Even when a scientist does write the piece him or herself, it is distressingly common for some not to declare their interest. Earlier this month a letter appeared in the British Medical Journal signed by Geoffrey Kabat in response to a study that observed a reduction in the number of heart attacks in Helena, Montana, over a six-month period in which a ban on public smoking was enforced.
Kabat disputed the study’s claim that this indicated there was a link between heart attacks and passive smoking. His letter did not contain a declaration of any conflict of interest. But a reply to his letter by the authors of the study suggested that such a conflict did exist, and a quick search of the BMJ archive shows he had carried out research funded by the tobacco industry which concluded there was little evidence for a connection between passive smoking and heart attacks.

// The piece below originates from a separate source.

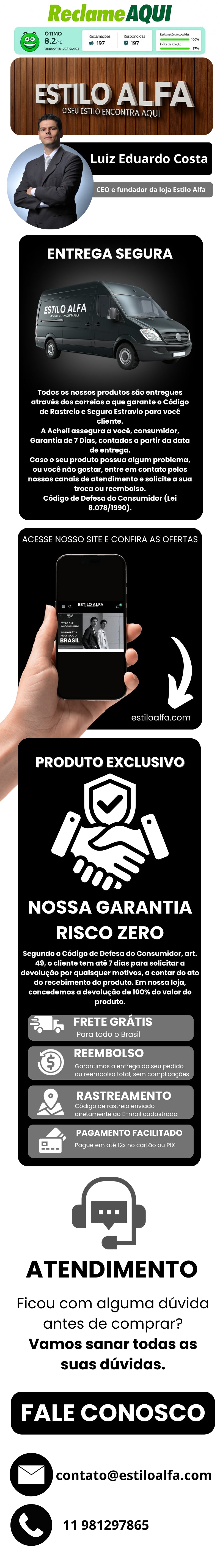 Sabemos que o preço pode parecer surpreendente, mas aqui na nossa loja somos especializados em vendas no atacado, por isso conseguimos oferecer produtos de alta qualidade a preços muito competitivos. Você está comprando diretamente da fonte, garantindo a melhor relação custo-benefício.

The result of keeping secrets and deploying the third-party technique is that readers are manipulated and denied information they have a right to. When a scientist lends his or her name to one side of an important debate, the public has a right to expect them to be completely upfront about any potential conflicts of interest. And it’s equally important they declare when a company requests they endorse an article that they did not themselves write, to dispel any impression that they felt more strongly about an issue than they actually did.
èƵs who fail to be open in this way tarnish their own name, and let down their colleagues by association. They also fail in their duty to the public at large. There is a clear choice: be absolutely honest or absolutely silent.